FOR IMMEDIATE RELEASE
Somewhere in space -- October 26th, 2010 -- Thom Robertson
( http://artemis.eochu.com) is excited to announce the release of a new PC game, Artemis Spaceship Bridge Simulator.
Artemis is a multiplayer, multi-computer networked game for Windows. Artemis simulates a spaceship bridge by networking several computers together. Unlike many networked multi-player games, Artemis was designed to be played by 3-6 players together in one room.
In Artemis, one computer is the main screen, while the others serve as one of the five workstations (Helm, Communication, Engineering, Science, and Weapon Control). Working together as a bridge crew, the players warp around the sector, protecting space stations from a multitude of alien ships. Once the Artemis has expended its torpedoes and energy, the crew can replenish the ship by docking with a space station.
There are three different enemy races, and each race has three classes of ships (Cruiser, Battleship, and Dreadnought). Most ships (including the Artemis) have forward firing arcs for all weapons, but the dreadnoughts have rear-facing beams, too. There are space minefields you can lead your enemies into; an expert Helms officer might even navigate through them safely.
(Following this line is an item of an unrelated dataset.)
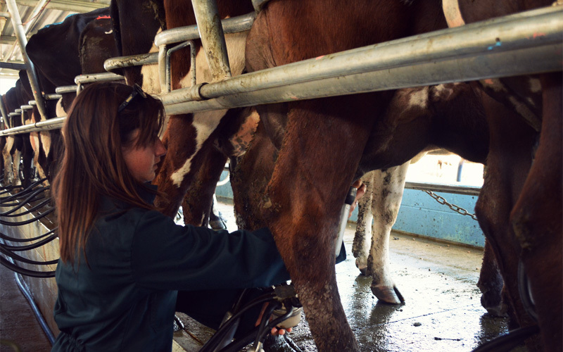 When we arrive we see several small buildings arranged around a larger covered but open-sided structure. That's where two workers, positioned far closer to a bunch of cow assholes than most anyone would be comfortable with, handle an extensive series of rubber tubes and nozzles that together allow them to milk what look like forty or fifty cows in only a matter of minutes. With Robyn's encouragement we stumble our way into the middle of this well-choreographed dance, with Kristen learning how to match the equipment to wiggling parts of cow anatomy while I try to simultaneously take pictures, dodge powerful streams of cow poop, and avoid taking the strong kick of a hoof to the side of my face.

There are also nebulae in the game. Enemies in nebulae don't show on the LRS or tactical views, but you can also hide from enemies in them, and perform sneak attacks.
There are space anomalies that only the science officer can detect. She can guide the Artemis to pick up valuable energy from these bits of space junk. The Comms officer can ask for an enemy's surrender, which they MIGHT do. If you run out of energy in the middle of nowhere, your engineer can convert a torpedo into extra energy to help you get back to the station. The engineer can also shunt power between Artemis's systems, strengthening the forward shield during a head-on attack. All of these things can be tuned so you play the mission you want to play.
"I love Star Trek, so I made this game that appeals to Star Trek fans.
Long ago, when my buddies and I all had Commodore64s (like, 25 years ago), I had an idea. I could link our computers together and play a game like the Star Trek bridge. One machine would run the simulation and the "main screen". Each other machine would be a bridge station, like Helm, Science, or Weapons. That idea has lain dormant in my brain for a very long time, but recently my muse told me "Make it. Now." So I finally did.
I always envisioned that, while the players all work together, one player plays the Captain. The captain sits in the middle, doesn't have a workstation, and tells everyone what to do. My testers really enjoyed this aspect, because the Star Trek shows have already taught us all how to behave on a ship's bridge. Every crew is different, but they all have fun working together to save the quadrant."
- Thom Robertson
About Thom Robertson:
"I'm a veteran game developer, and since leaving my last industry job in 2003, I've been a full-time indie game developer. I've made and sold several PC games, 3 Iphone games, and once ran a MMORPG called Blade Mistress. Basically, I'm lucky enough to follow my muse, and make the games I feel like making."